§ **TASK OBJECTIVE**:
What you give back must match the data exactly, minus the pictures.

◆ ◆ ◆ ◆

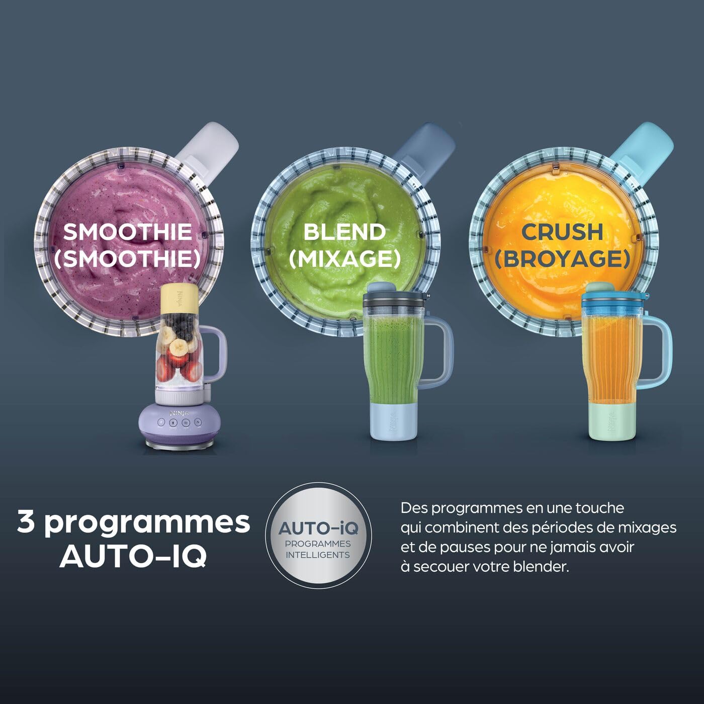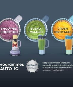 - TECHNOLOGIE AUTO-IQ : Préparez facilement des smoothies, de la glace pilée et des shakes protéinés grâce à 3 programmes automatiques du blender : Smoothie (Smoothie), Blend (Mixage) et Crush (Broyage) et mode Pulse (Impulsion) manuel.
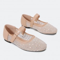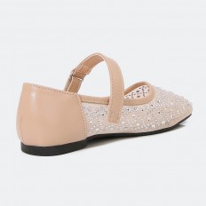 Introducing these shoes from Turin, with a round toe in tulle studded with strass, with a hook-up front buckle closure, buy them for your little one's look
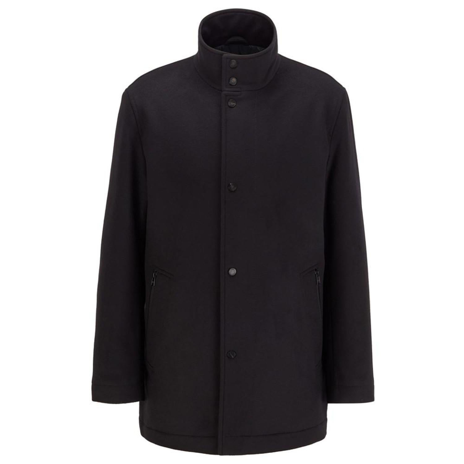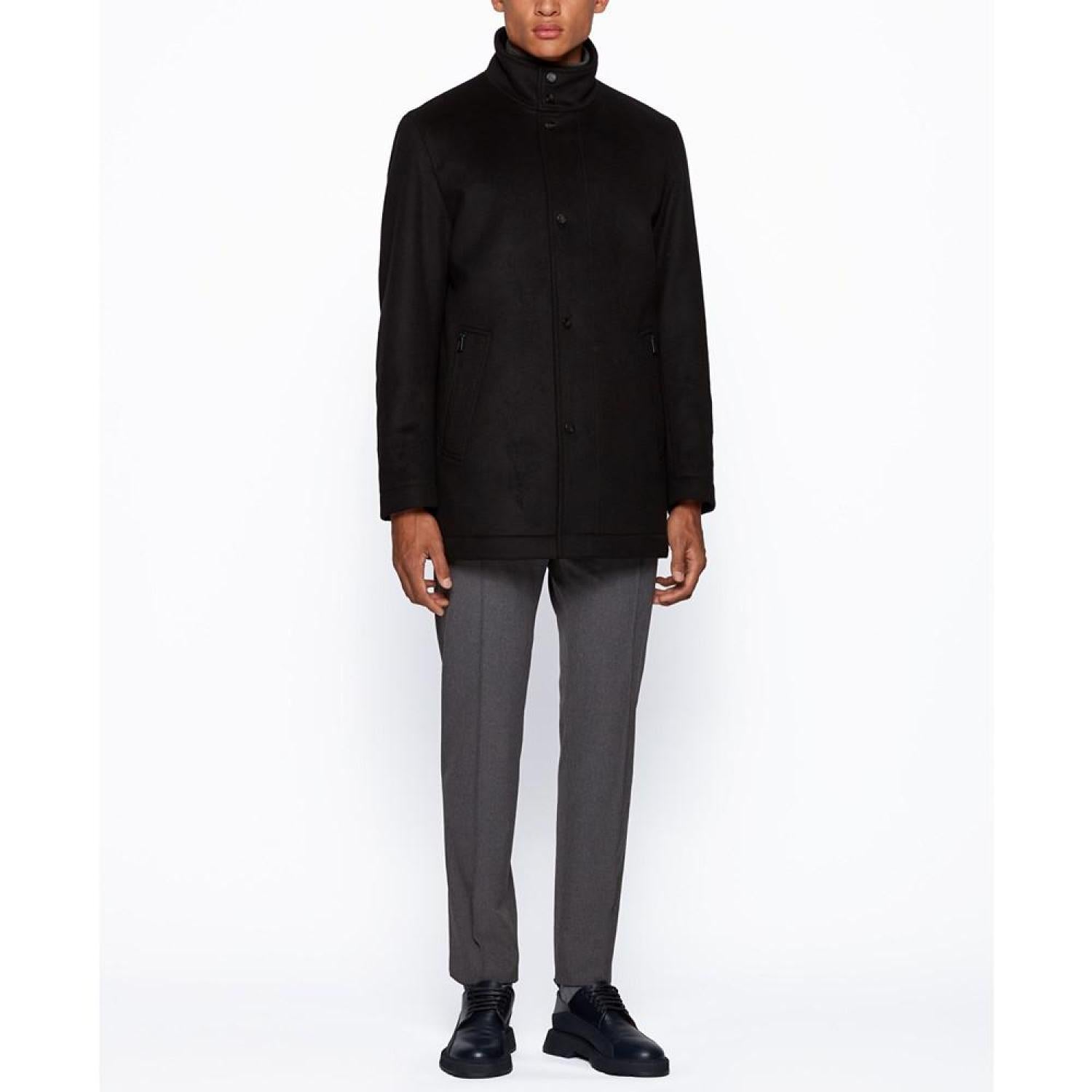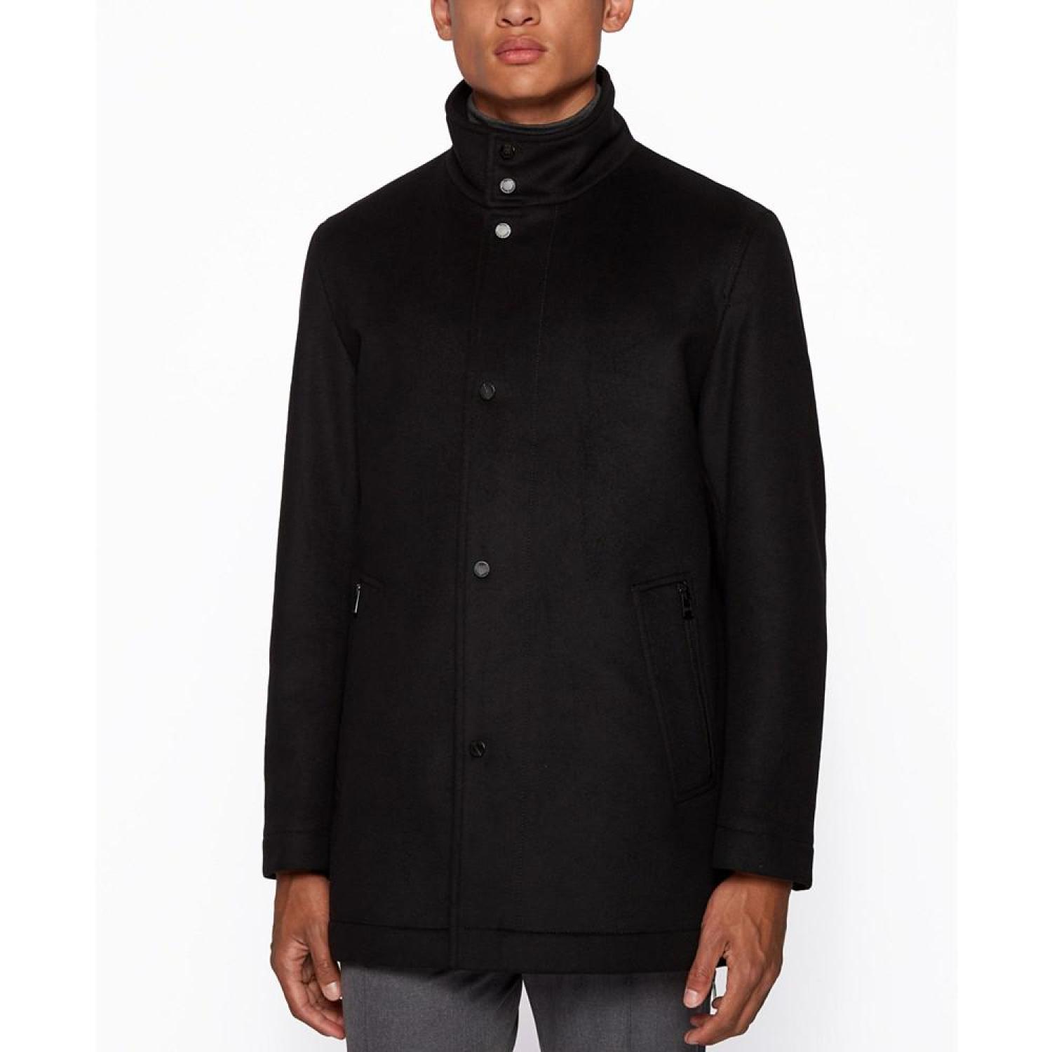 • An expertly crafted take on the car coat, by BOSS Menswear. This regular-fit coat is designed in wool-rich fabric with a felted finish and features zipped pockets and a funnel neckline. Understated branding is delivered through a logo badge at the rear collar.
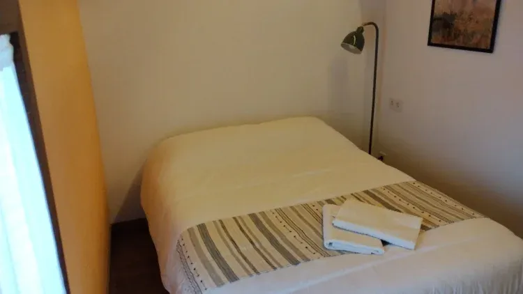 La casa dispone de baño, tres dormitorios en planta superior, dos pequeños dobles y uno con literas para alojar hasta 10 personas. Perfecto para parejas, familias o grupos de amigos
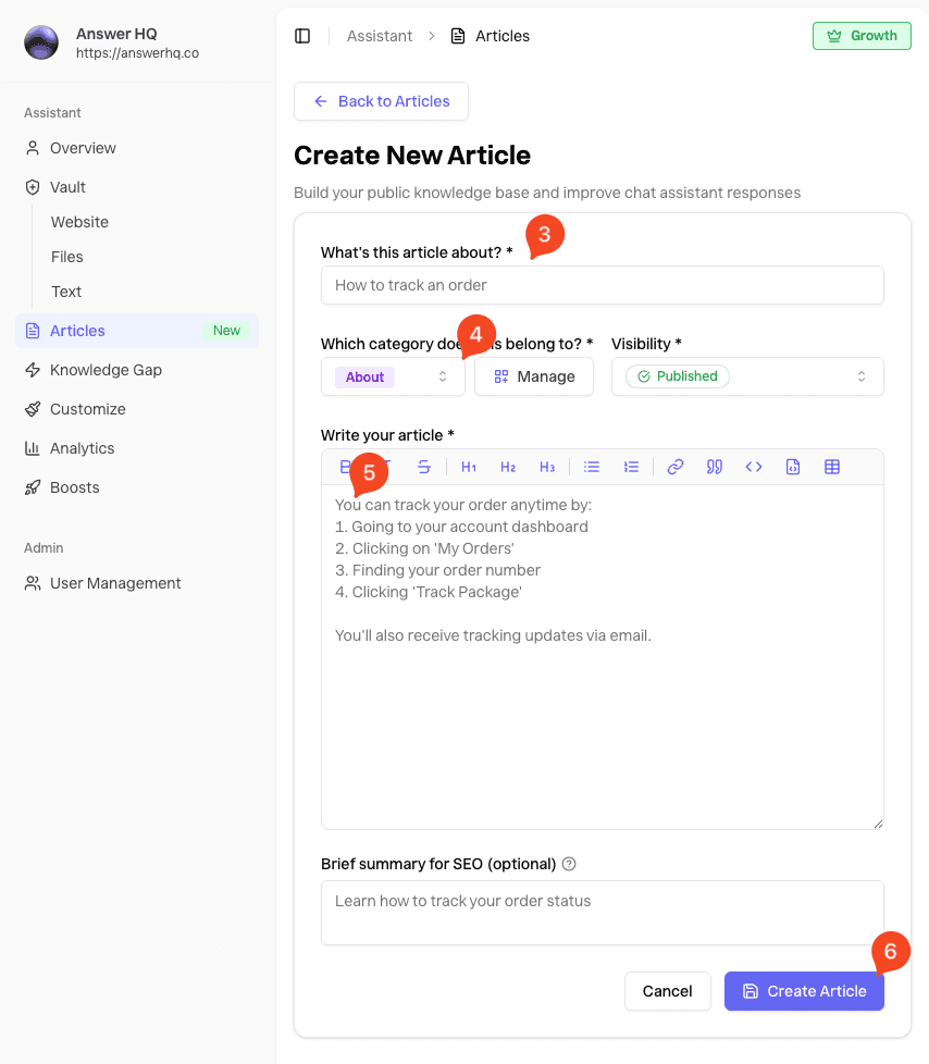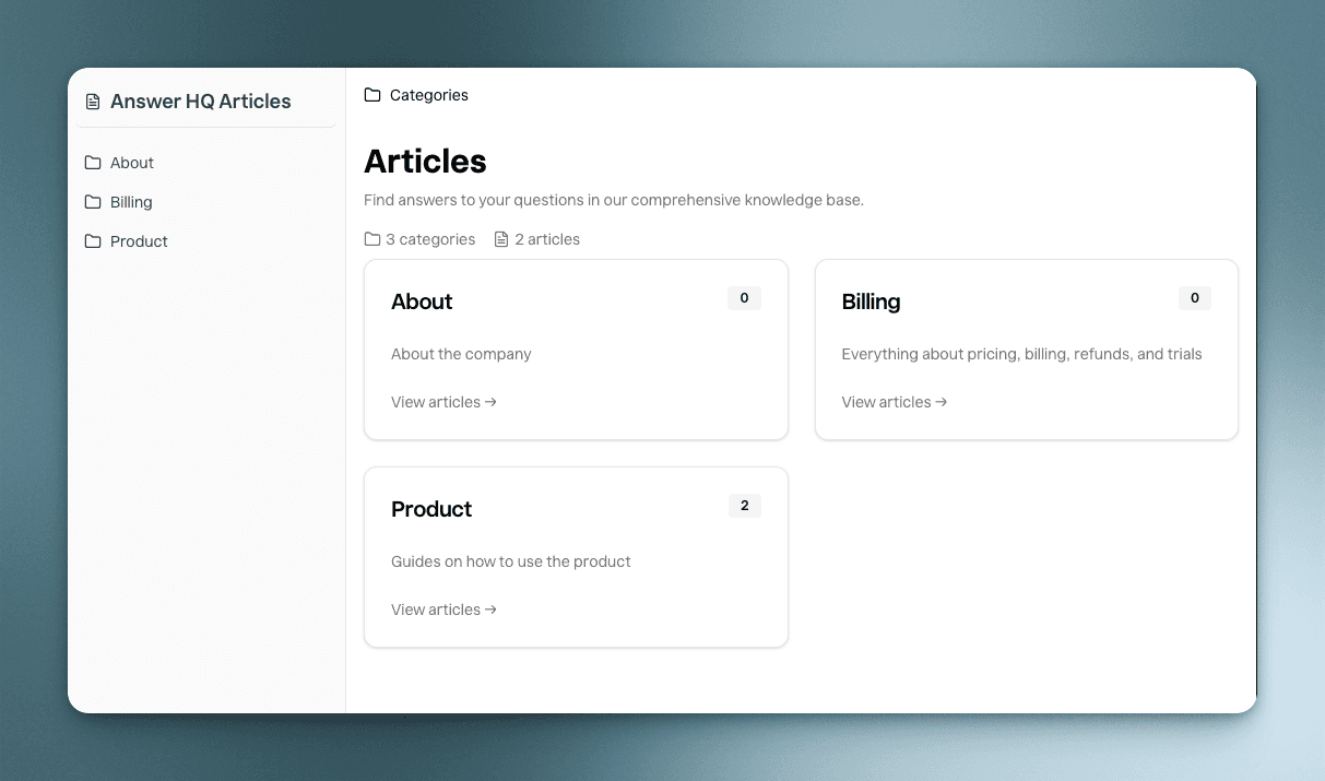 With Articles, you can host and manage support documentation in your Answer HQ account, creating a public knowledge base while also providing content your assistant can use to answer customer questions.
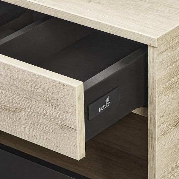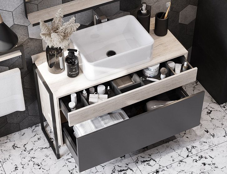 Модуль 80 коллекции Лофт Урбан функционально состоит из двух ящиков полного выдвижения. Верхний ящик тумбы комплектуется внутренней организацией пространства: в нем очень удобно хранить небольшие аксессуары и принадлежности. Вместительный нижний высокий ящик подойдет для более крупных предметов. Функция полного выдвижения ящиков и система открывания push-to-open делают использование тумбы особенно комфортным. Подвесной модуль может комплектоваться различными по размеру и дизайну металлическими черными опорами, высокими и низкими, которые крепятся непосредственно под модуль, кроме того, доступен вариант установки модуля и без опор. Корпус тумбы выполнен из влагостойкой ламинированной ДСП в цвете дуб орегон с текстурой натурального дерева, выгодно подчеркнутым фасадами из МДФ в пленке антрацит с эффектом soft touch.
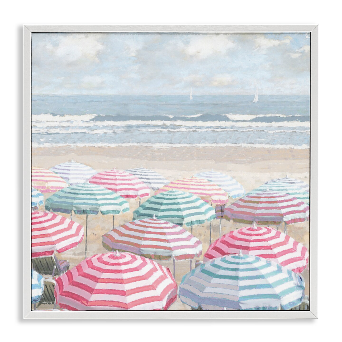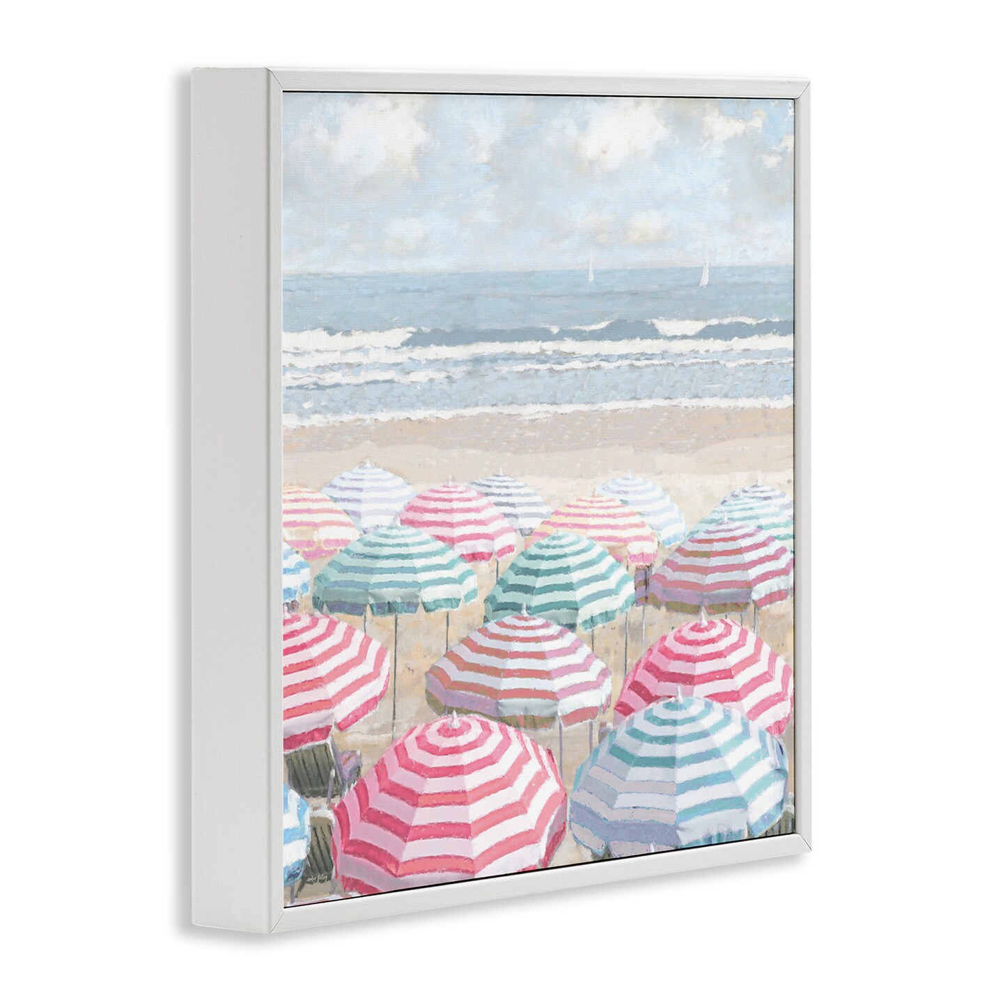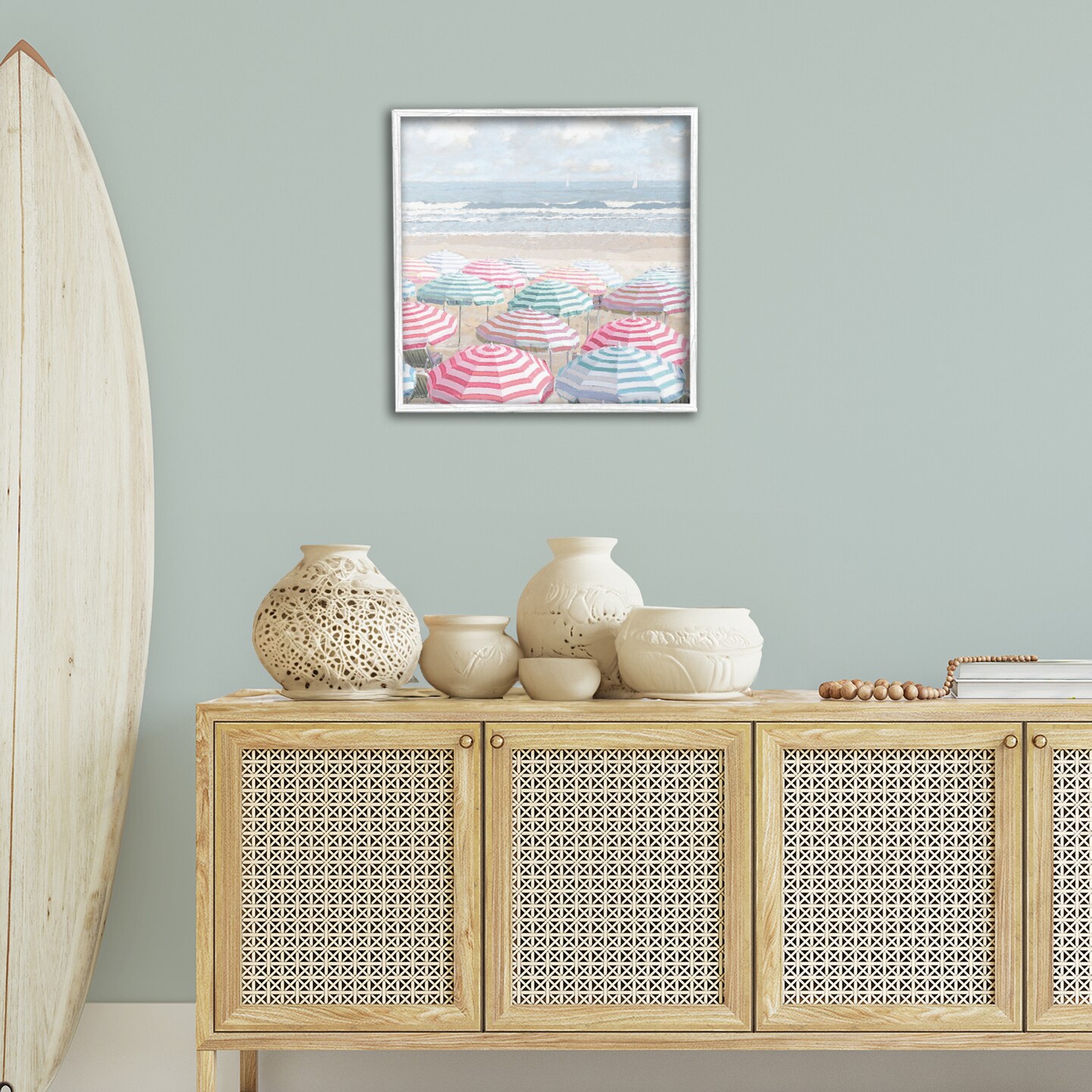Stupell Industries Bright Beach Umbrellas Scene Framed Giclee Design by Amber Sterling

◆ ◆ ◆ ◆

§ **ANSWER TO THE EXERCISE**:
 - TECHNOLOGIE AUTO-IQ : Préparez facilement des smoothies, de la glace pilée et des shakes protéinés grâce à 3 programmes automatiques du blender : Smoothie (Smoothie), Blend (Mixage) et Crush (Broyage) et mode Pulse (Impulsion) manuel.
 Introducing these shoes from Turin, with a round toe in tulle studded with strass, with a hook-up front buckle closure, buy them for your little one's look
 • An expertly crafted take on the car coat, by BOSS Menswear. This regular-fit coat is designed in wool-rich fabric with a felted finish and features zipped pockets and a funnel neckline. Understated branding is delivered through a logo badge at the rear collar.
 La casa dispone de baño, tres dormitorios en planta superior, dos pequeños dobles y uno con literas para alojar hasta 10 personas. Perfecto para parejas, familias o grupos de amigos
 With Articles, you can host and manage support documentation in your Answer HQ account, creating a public knowledge base while also providing content your assistant can use to answer customer questions.
 Модуль 80 коллекции Лофт Урбан функционально состоит из двух ящиков полного выдвижения. Верхний ящик тумбы комплектуется внутренней организацией пространства: в нем очень удобно хранить небольшие аксессуары и принадлежности. Вместительный нижний высокий ящик подойдет для более крупных предметов. Функция полного выдвижения ящиков и система открывания push-to-open делают использование тумбы особенно комфортным. Подвесной модуль может комплектоваться различными по размеру и дизайну металлическими черными опорами, высокими и низкими, которые крепятся непосредственно под модуль, кроме того, доступен вариант установки модуля и без опор. Корпус тумбы выполнен из влагостойкой ламинированной ДСП в цвете дуб орегон с текстурой натурального дерева, выгодно подчеркнутым фасадами из МДФ в пленке антрацит с эффектом soft touch.
Stupell Industries Bright Beach Umbrellas Scene Framed Giclee Design by Amber Sterling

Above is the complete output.